From the Back of the Drawer: Silverice

JUSTIN AVELLAR(this article was first published in October 2012)

with Stephanie Carter

The Silverice Balls would have fit right in behind the modern bar. Photo by SoFAB Staff.

Each week, we rummage through the dark corners of our kitchen drawers to bring you an enigmatic item. We ask you to guess what it is in our weekly From the From the Back of the Drawer puzzle. To enter this week’s puzzle, visit this page. To read more descriptions of past items, visit this page. And, don’t forget to donate your odd items to the Southern Food and Beverage Museum.

This week, we found Silverice!

Ice performs an important task – keeping a drink cold and enjoyable. However, it does this at a cost – diluting your perfect cocktail to a dreary, watery mess. Besides that, making ice cubes in trays, breaking them loose, refilling the trays, carrying it without spillage to the freezer irks just about everyone.

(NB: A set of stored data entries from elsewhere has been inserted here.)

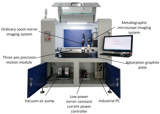Figure 7 shows the physical image of the intelligent detector for the appearance defect of the flexible IC package substrate. The hardware core is composed of X, Y, Z three-axis motion module frame equipped with high and low imaging systems. The three-axis motion module is mainly responsible for the movement of the imaging system on the working platform. The imaging system is mainly responsible for the image acquisition of the area to be inspected. A sophisticated motion platform is the key to accurate imaging of the imaging system. The vision imaging system is mainly composed of industrial cameras, industrial lenses and machine vision light sources. When the area to be inspected is too large and exceeds the single field of view of the camera, it is necessary to control the precision motion platform equipped with the camera by the industrial computer for image acquisition. This article uses a three-axis motion module to achieve large-scale image acquisition. The platform includes key accessories such as motors and drivers, ball screws, stages, limit sensors and drive boards.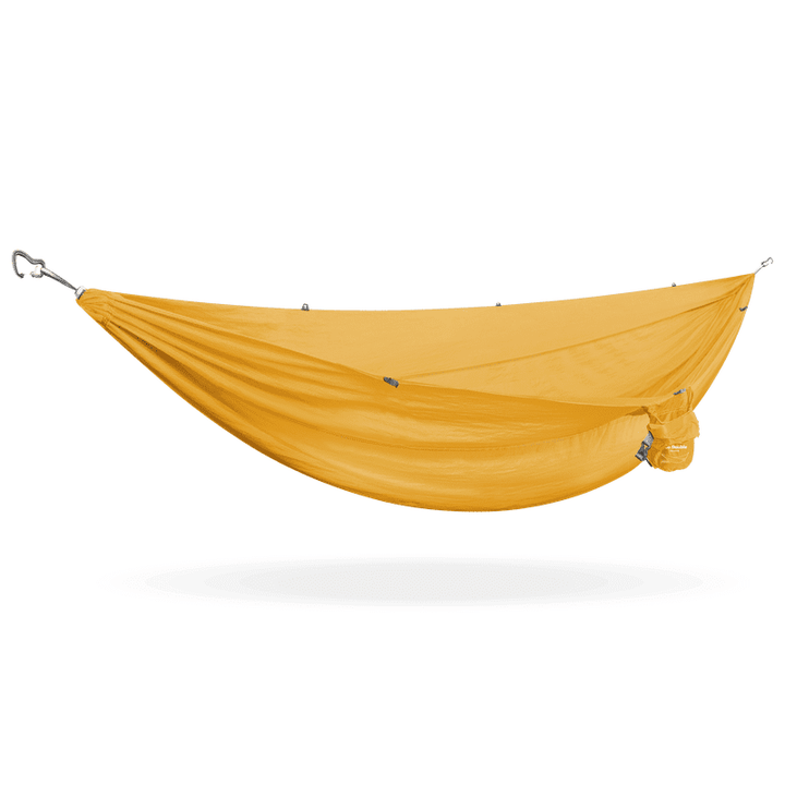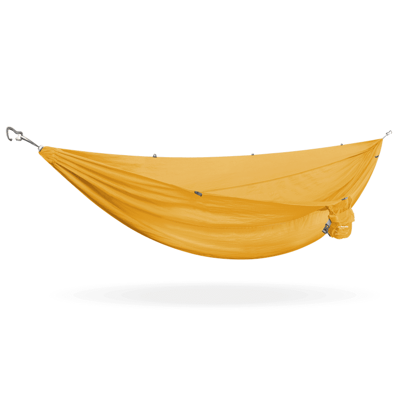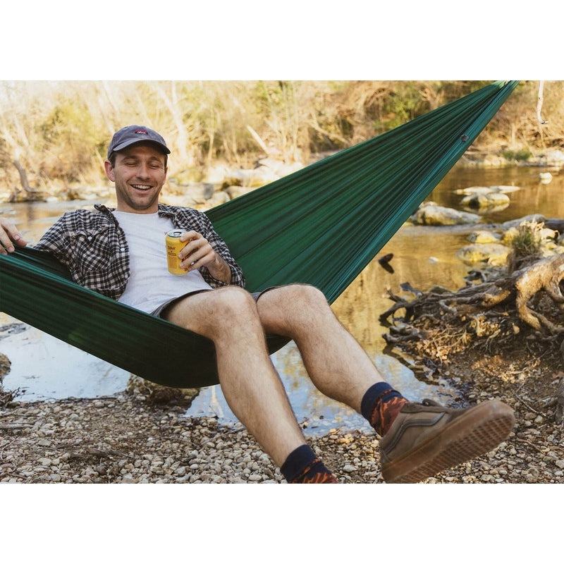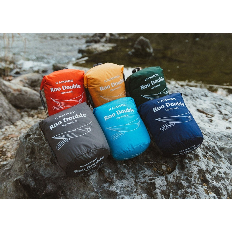The Roo Double hammock neatly packs into an attached roll-top, water-resistant stuff sack about the size of a jar of peanut butter. Keep it in your day pack or the backseat of your car, and you’ll always be ready to hang.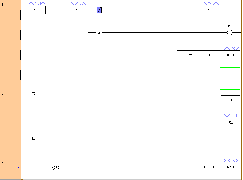 MOV K1 D10     ; 將1存入臨時寄存器D10[[2]]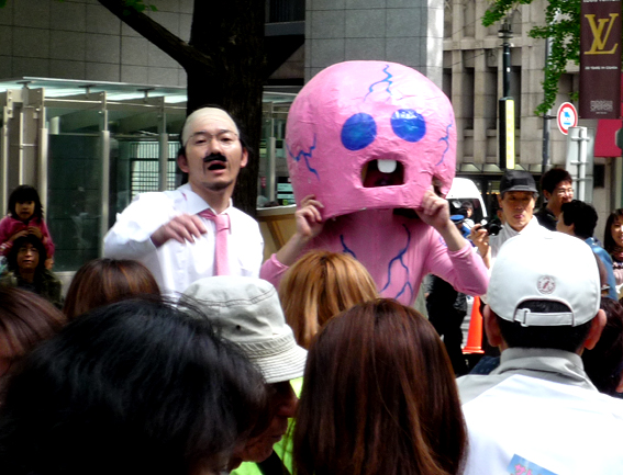 知る人ぞ知る、メンペのライブペインティングが大阪御堂筋で開催された。メンペの金子ナンペイ会長とデハラユキノリ副会長の競演によるライブは、寒の戻った心斎橋そごう前で、5月11日に路上で厳かに行われた。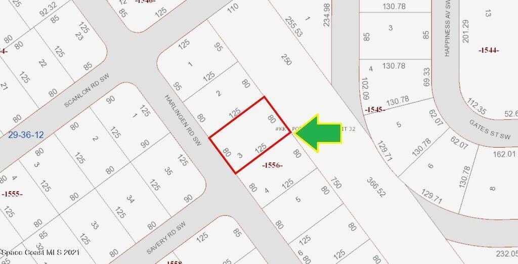 0.23 acre buildable residential lot available in Port Malabar Unit 32 of Palm Bay. Located in the southwest section, this lot has a utility easement in the rear allowing more privacy, and is just 1.7 miles - 4 minutes to Bayside High School, 3 miles - 7 minutes to the Publix Supermarket, 12 miles - 27 minutes to Melbourne Airport, and 14.9 miles - 32 minutes to the beaches of Indialantic. From exit #176 of I-95 go west on Palm Bay Road NE for .7 miles, left on Minton Road for 3.3 miles, right on Jupiter Boulevard for .1 mile, left on DeGroodt Road for 1.0 mile, right on Sawyer Street for .4 miles, and right on Harlingen Road. The lot will be on your right.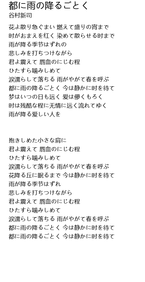 | 都に雨の降るごとく 今は静かに时を待て |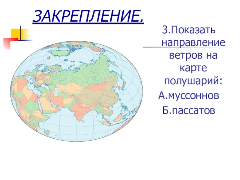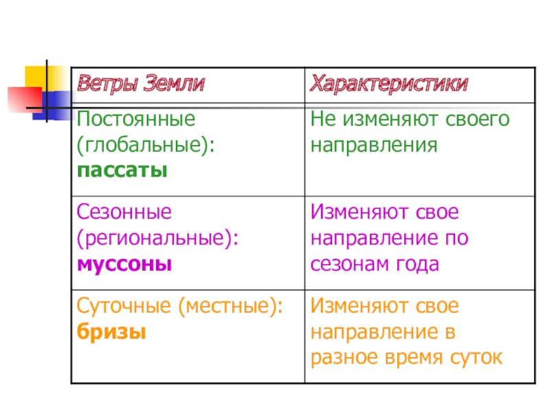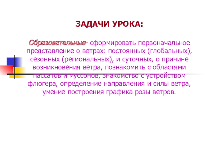 Образовательные- сформировать первоначальное представление о ветрах: постоянных (глобальных), сезонных (региональных),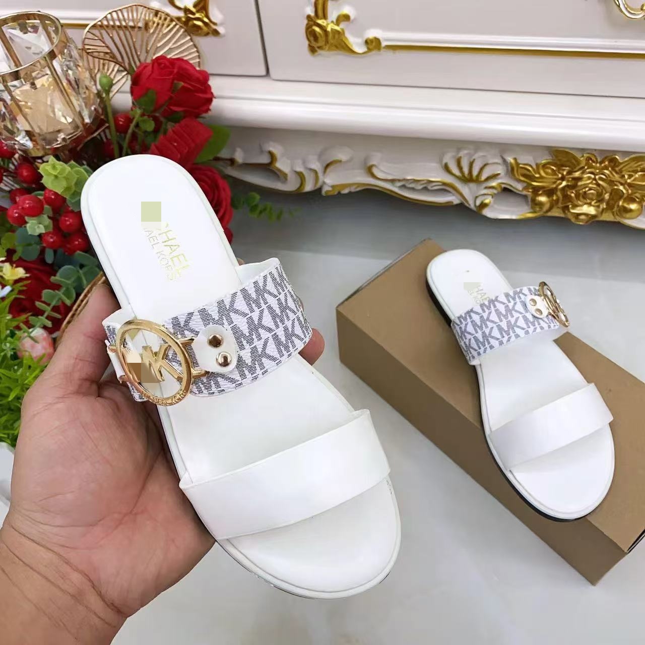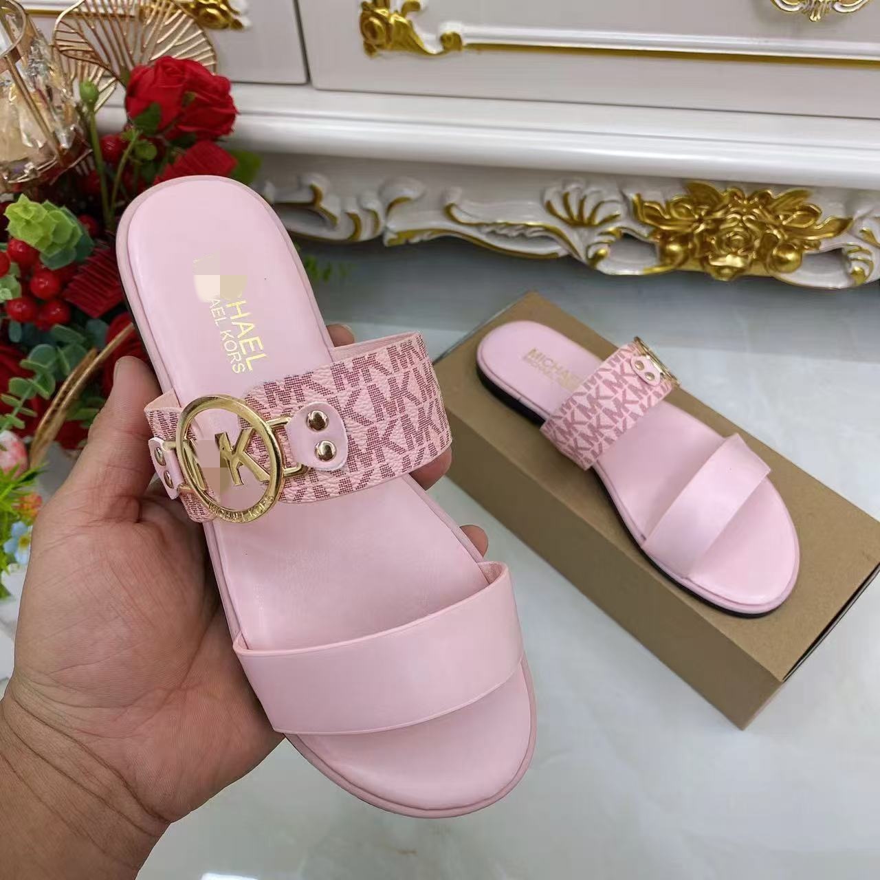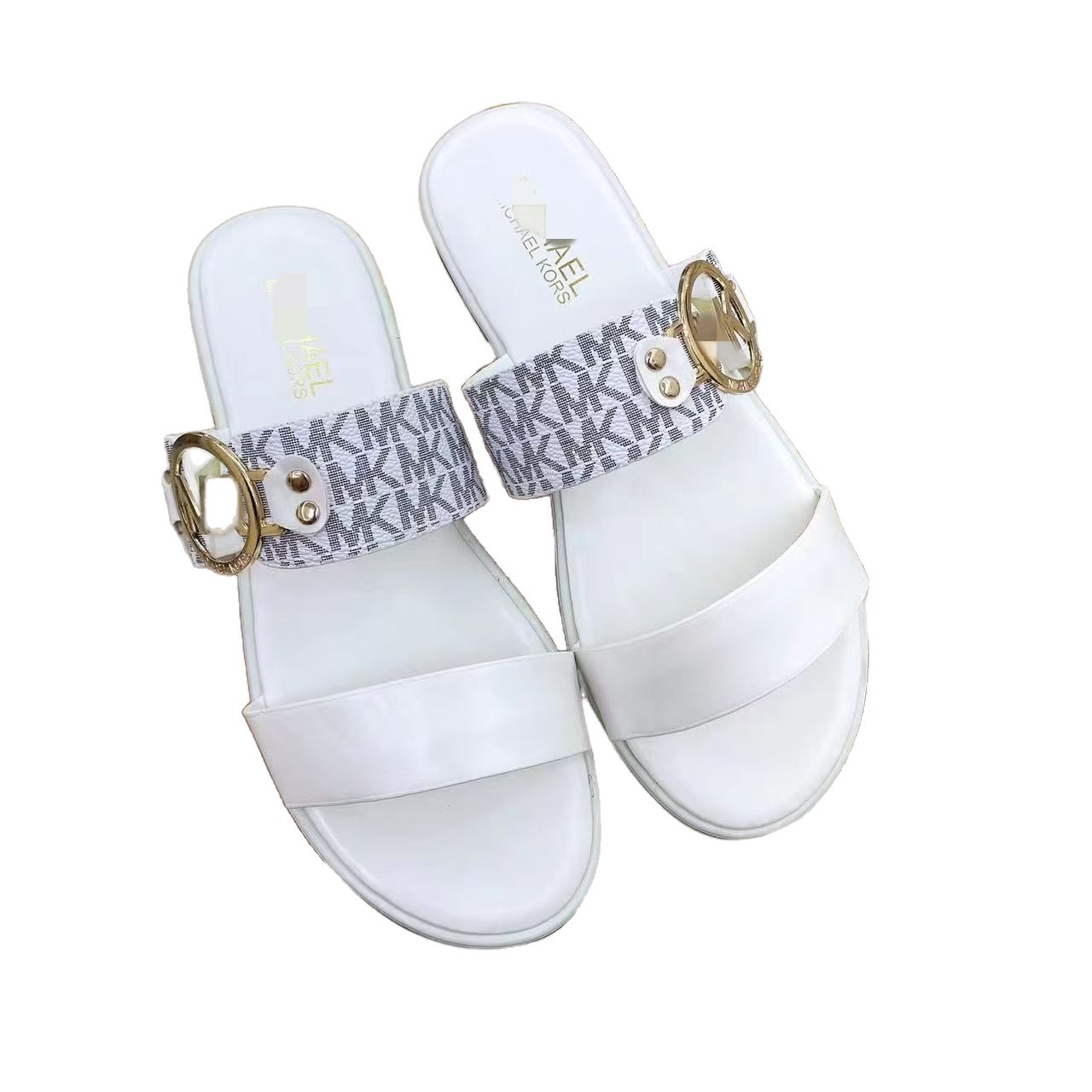M family's new vintage classic fashion metal buckle flat slippers are versatile flat bottomed one line women's shoes slippers

To combat this issue, Silverice arrived in the 1920s.  Instead of creating ice in pans that inventor William Glennan described as entailing “labor” and “danger of spilling water from the pan,” one simply puts Silverice, metal balls containing water or some “congealable substance” in the freezer.   Once the inside of the balls are frozen, they can be used to keep one’s drink cold and potent.  And the best part is that Silverice can be used repeatedly- unlike ice, which melts back into water.

It was marketed by Mary Ryan in 1929 as the “smart new icing convenience for the everyday hostess.” However, most people could not afford the $600-700 refrigerators with freezers in 1929, and the $5 item remained a very expensive novelty.  Five dollars in 1929 would be the equivalent of $66 today.  That’s a lot of bags of ice.

Our Rating: Save it! We’re guessing that you, unlike people in 1929, do have access to a freezer. Vintage cocktail items are hot and these will fit in perfectly at your next cocktail party without watering down that drink.
Design: Excellent! Pretty, modern, and practical.
Originality: Great! This was an original idea, so much so that it came before its time and ultimately failed.
Practicality: Amazing! You wouldn’t use these every day but they are extremely practical for a nightcap with friends. They accomplish the goal of making a cocktail kind of classy and interesting, while keeping it as flavorful as it was before you added the Silverice.